Julia was collecting fir-cones. All around her the land lay brown and still; dead heather, and sometimes dead bracken, a shade paler, and, more rarely, gorse bushes, nearly brown, too, in their sober winter dress. It was almost flat, a wonderful illimitable place, very remote, very silent, unbroken except for occasional pine-trees. These were not scattered but grew in clumps, miles apart, though looking near in this place of distances, and also in a belt not more than five or six trees wide, winding mile after mile like a black band over the plain. Julia stood on the edge of this belt now, gathering the dropped cones and putting them into a sack. The afternoon was advanced and already it was beginning to grow dark among the trees, but she determined not to go till she had got all she could carry. It was the first time she had been to collect cones; she had sent her father once and Mr. Gillat once. They had taken longer and gathered less than she, but it was not on that account that she had gone herself to-day. Rather it was because she wanted to go to the dark belt of trees which she saw every day from her window, and because she wanted to go right out into the wide open land and see what it looked like and feel what it felt like. And when she got there she found it, like the Dunes, all she had expected and more.

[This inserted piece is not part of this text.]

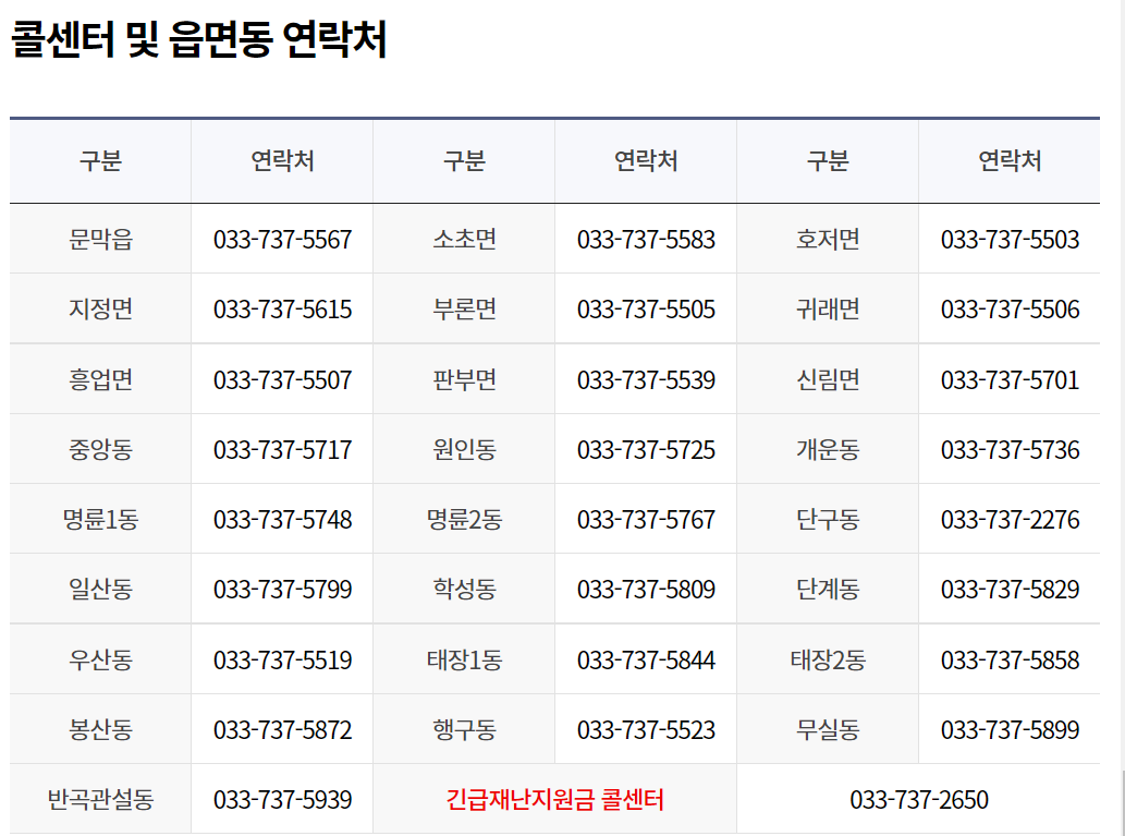 원주시 긴급재난지원금 콜센터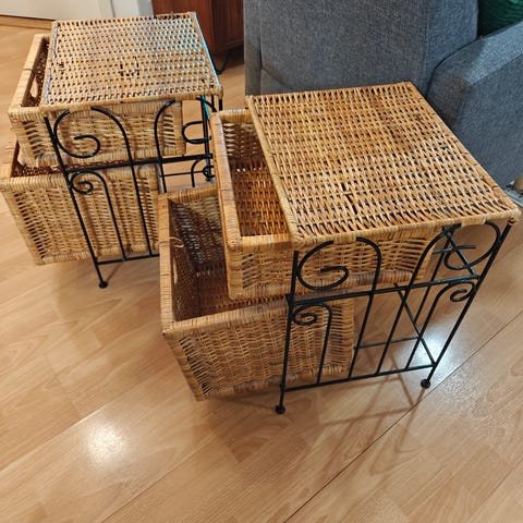 Hakusanat: säilytys, käytetyt huonekalut, sisustus, musta pöytä, tarjoilu, punottu laatikko, sivupöytä, apupöytä, vetolaatikko, rottinki, rottinkinen, taso, huonekalu, huonekalut, sivupöydät, retro pöytä, puinen, puu paju köynnös, pöytä, vintage boho, pöydät, moderni retro

At last she had her sack full, and, shouldering it, carried it off on her back, which, seeing the comfort of the arrangement, must be the way Nature intended weights to be carried. Clear of the shadow of the trees it was lighter; the grey sky held the light long; twilight seemed to creep up from the ground rather than fall from above, as if darkness were an earth-born thing that gained slowly, and, for a time, only upon the brighter gift of Heaven. It was quieter, too, out here, for under the pines, though the weather was still, there was a breathing moan as if the trees sighed incessantly in their sleep. But out here in the brown land it was very quiet; the air light and dry and keen, with the flavour of the not distant sea mingled with the smell of the pines and the dead ferns—a thing to stir the pulse and revive the memory of the divine inheritance and the old belief that man is but a little lower than the angels, related to the infinite and god-like.
White’s Cottage stood where the heath-land ceased and the sand began. There was much sand; tradition said it had gradually overwhelmed a village that lay beyond; indeed, that White’s Cottage was the last and most distant house of the lost place. Be that as it may, it certainly was very solitary, rather far from the village of Halgrave, with no road leading to it except the track that came from Halgrave and stopped at the cottage gate—there was nowhere to go beyond.
Dusk had almost deepened to darkness when Julia reached the house; it gleamed curiously in the half light, for it was built of flints, for the most part grey, but with a paler one here and there catching the light. She put her sack of cones in one of the several sheds which were built on the sides of the cottage, and which, being of the same flint material, made it look larger than it was. Then she went into the kitchen.